There is nothing wrong with having diverse ways as long as they all lead to one overarching goal. That overarching goal is at the heart of the Torah, which celebrates diversity but harnesses it to the engine that leads the world forward to its inexorable goal—the Final Redemption.
PREVENTING MOSHIACH
The Kabbalists and Chassidic literature describe the three sons of Noah as representing the three primary emotional traits of chesed-kindness, g’vura-severity and tiferes-beauty/harmony. These three traits are embroiled in eternal conflict when they are not under the direction of a Higher unifying power. When one has a clear vision of his or her destination, he or she knows when to turn right (chesed), when to turn left (g’vura) and when to go straight (tiferes).
The Tzemach Tzedek (Rabbi Menachem Mendel Schneersohn, the third Lubavitcher Rebbe and great-great-great grandfather and namesake of our Rebbe) explains that the fourth son that Cham denied his father would have corresponded to the Divine attribute of Malchus (royalty). It was Noah’s ardent wish that by drinking the Messianic “Preserved Wine,” he would introduce the soul of Moshiach into the world. Contrary to Cham’s fearful belief, Noach’s fourth child would not have introduced yet another direction, leading to even more confusion and discord. On the contrary, Moshiach, who is characterized as the “fourth leg of the Divine chariot” would have absorbed the powerful spiritual energies symbolized by the wine and would have reversed the sin of the Tree of Knowledge (which, according to an opinion in the Talmud, was actually a grapevine).
Noah would have succeeded, but alas his overindulgence allowed Cham’s heated aggression to frustrate the emergence of that fourth leg. The rest, as they say, is history.
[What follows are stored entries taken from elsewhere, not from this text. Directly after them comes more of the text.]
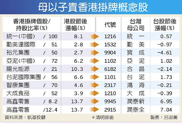 凱基投顧統計,母以子貴股至少包括:統一、勤美、寶成、亞泥、合晶、台泥、鴻海、大成、楠梓電、潤泰新及潤泰全等10檔個股。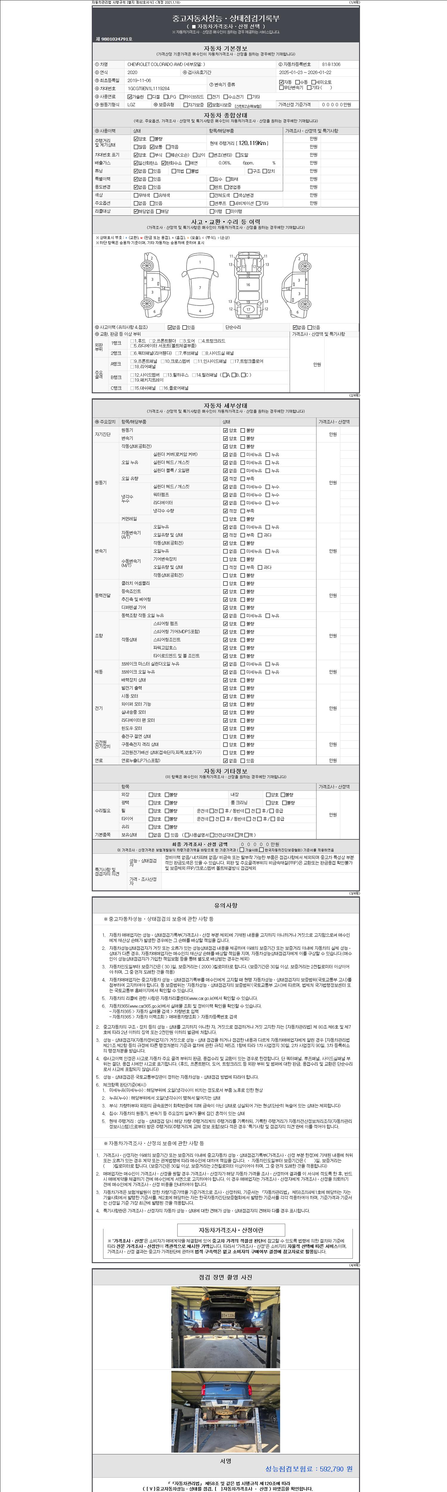 자동차관리법 시행규칙 제120조의 규정에 따라 별지 제 82호서식 《중고자동차 성능, 상태점검 기록부》를 발행한 성능, 상태점검자 및 매매자는 아래의 보증기간 또는 보증거리 이내의 중고자동차, 성능점검 기록부에 기재된 내용과 자동차의 실제 성능, 상태가 다른 경우 계약 또는 관계법령에 따라 매수인에 대하여 책임을 집니다.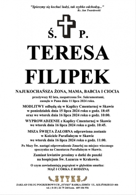 Podhale24.pl zastrzega sobie prawo do nie publikowania wspomnień, w szczególności tych nie związanych z profilem działu nekrologi, zawierających wulgaryzmy, wzywających do zachowań niezgodnych z prawem, obrażających osoby publiczne i prywatne, obrażających inne narodowości, rasy, religie itd, oraz te, bez możliwości telefonicznej lub mailowej weryfikacji ich autora.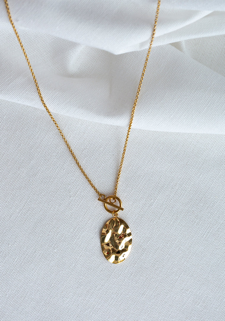 Le collier long Oro est fabriqué à la main dans mon atelier, Il est monté sur une fine chaine à maillons ronds, décorée d’un fermoir barre et d’une médaille martelée ovale,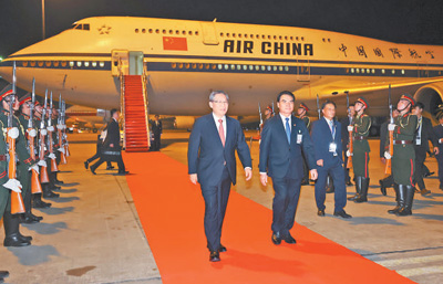 当地时间10月9日晚,李强乘包机抵达万象瓦岱机场。老挝计划投资部长、老中合作委员会主席佩和中国驻老挝大使方虹等到机场迎接。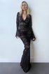 Derin V yakalı ve zarif dantel süslemeli, balık etekli siluetli maksi elbisemizle sofistike bir adım atın. Kontrast dantel fisto detayı ve uzun geniş kollar, asimetrik kol tasarımıyla birleşerek benzersiz ve zarif bir görünüm yaratıyor.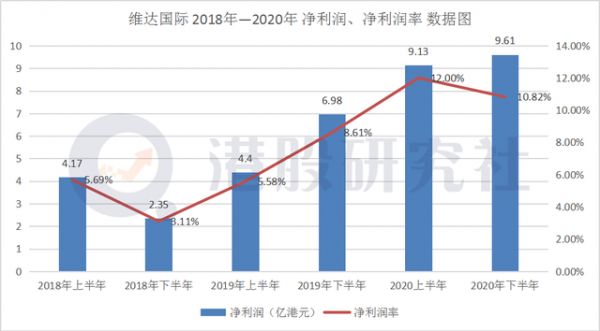 而从净利润的角度来看,2020年维达国际的净利润约18.74亿元,同比升64.7%;2020年下半年净利润9.61亿港元,净利润率为10.82%,同比增长37.68%;环比上半年的9.13亿港元也是略微提升。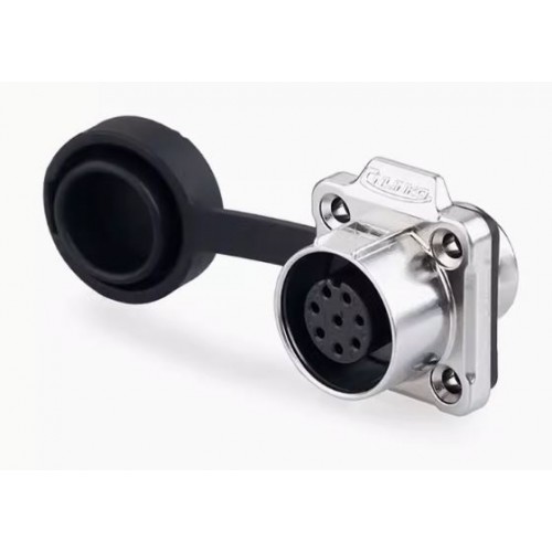 Герметичний роз'єм живлення серії LP - LP-12-J08SX-03-401A - 8-и контактна герметична панельна (блокова) розетка серії LP в металевому корпусі з прямим виводом під кабель 24 AWG. Розетка має прохідний діаметр - 12 мм, з'єднує ланцюг до 3 А і напругою до 100 В.

The task before us in the present day is to drink that wine figuratively by studying the “Wine of Torah,” in other words, those parts of Torah that demonstrate its depth and joy and lead to Mitzvos. These are the teachings of Chassidus, which are a taste of the “Preserved Wine” that we will all drink from deeply upon the imminent arrival of the “fourth leg”: Moshiach and the true and complete Redemption in his wake.